Granny Compton's Butterscotch Pie

Granny Compton’s Butterscotch Pie
 
A vintage recipe passed down from my children's great-great-grandmother.
Ingredients
  • 1 baked pie shell
  • 1½ c brown sugar
  • ⅓ cup flour
  • pinch of salt
  • 3 egg yolks, beaten
  • 2 cups milk
  • 1½ Tb butter
  • 1 tsp vanilla
  • 2 Tb bourbon (optional)
Instructions
  1. In an iron skillet, stir together the brown sugar, flour and salt. In a bowl, whisk together the egg yolks and milk. Pour those into the skillet and begin stirring the mixture over medium heat. Cook until the pudding becomes "good and thick." Stir in the butter and vanilla and optional bourbon. Continue to stir and cook another minute or so, intil the butter is completely mixed in. Pour into the baked pie shell. Allow the pie to come to room temperature and then refrigerate. Enjoy topped with whipped cream.
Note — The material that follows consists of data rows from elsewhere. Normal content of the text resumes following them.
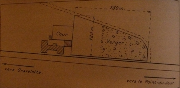 l'est de la ferme et contigu à la cour est un verger en forme de triangle
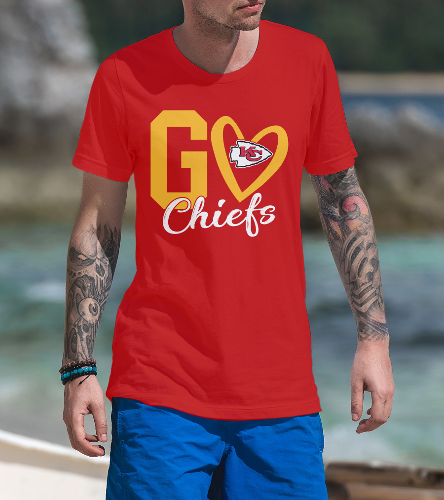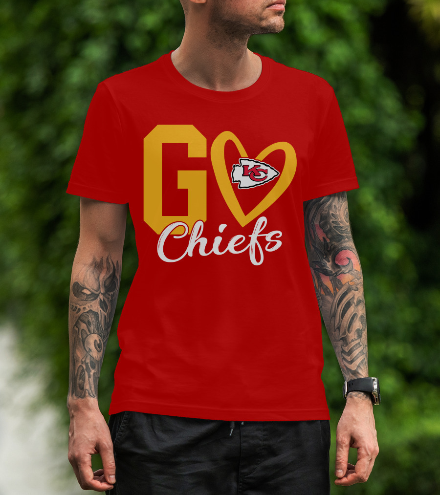 The Go Chiefs KC Heart T-shirt is designed for everyday wear and a consistent fit. Fabric is pre-shrunk ring-spun cotton with durable stitching. See the size chart below for exact measurements.
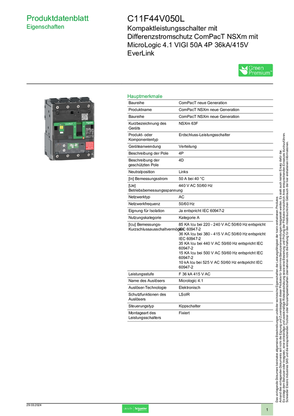 C11F44V050L Wyłącznik zasilania Schneider Electric C11F44V050L 1 szt.
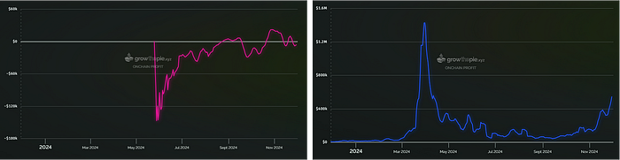 Taiko 的净利润(左),base的净利润(右)(来源:growthepie
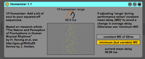 | Description: | THIS DEVICE HAS BEEN SUPERSEDED BY THE GROUP HUMANIZER, WHICH CAN HUMANIZE MULTIPLE CHANNELS, KEEPING THEIR VARIATIONS CORRELATED, IN A REALISTIC MANNER. WE RECOMMEND YOU DOWNLOAD THAT ONE INSTEAD: http://www.maxforlive.com/library/device/2466/group-humanizer --------------------------------------------------------------- 1/f Humanizer: Add a bit of soul to your squared-off sequences Summary: Each incoming MIDI note is delayed a random amount of time. The delays that humans produce when playing music are not purely random but are correlated and can be described by colored noise (for example 1/f noise, also called pink noise). The 1/f Humanizer thus imitates the human type of delays. Based on the research article by Holger Hennig et al, "The Nature and Perception of Fluctuations in Human Musical Rhythms", PLoS ONE 6:e26457 (2011). Free article download at www.plosone.org/article/info%3Adoi%2F10.1371%2Fjournal.pone.0026457 Max for Live implementation free for private use, written by James Holden. Technical description: For each incoming MIDI note (a list composed of one pitch and one velocity), the trigger object first asks a random object (pink~) to produce a random value in response to a bang message ("b"). The random range is set by the RandDel dial. The random value is then interpreted as delay time by the pipe object. New in Version 1.1: - window added, that shows the delays - new switch between two modes: (1) "minimum (but variable) mean delay". This setting makes the humanizer respond instantly to the selected 'range'. The mean delay is half the humanizer 'range'. Note that the current mean delay changes when adjusting 'range'. Recommended as default. (2) "constant mean delay of 50 ms". Recommended when adjusting 'range' during performance. |

Optional Pie Crust Recipe – this is my go-to pie crust that I use for pretty much everything.

Pie Crust
 
Making this dough in a food processor is quick and simple, and turns out every time I make it.
Serves: Dough for 2 standard pie crusts, or one double crust pie
Ingredients
  • 2¼ c all purpose flour
  • 1 tsp salt
  • 1 c (2 sticks) very cold butter, cut into small pieces
  • 7-9 teaspoons ice cold water
Instructions
  1. Combine the flour and salt in a food processor. Add in the cold butter. Pulse the food processor until the butter is broken up and the mixture is crumbly. I generally pulse it three times with about 4 second pulses. Turn on the food processor and drizzle in the water. Add just enough water to make a crumbly dough. If you add enough water for the dough to come together into a ball, you will have dough that is way too wet, and will be tough.
  2. Separate the dough and form into two disks. Wrap them in plastic wrap and chill in the fridge for 30 minutes before using.
Notes
For a pie that calls for a baked pie crust, use one dough disk, roll it out and form the crust in the pie plate. Poke the crust all over with a fork. Chill while you preheat your oven to 475 degrees. Bake for 8-10 minutes or until lightly golden. Cool and use as needed.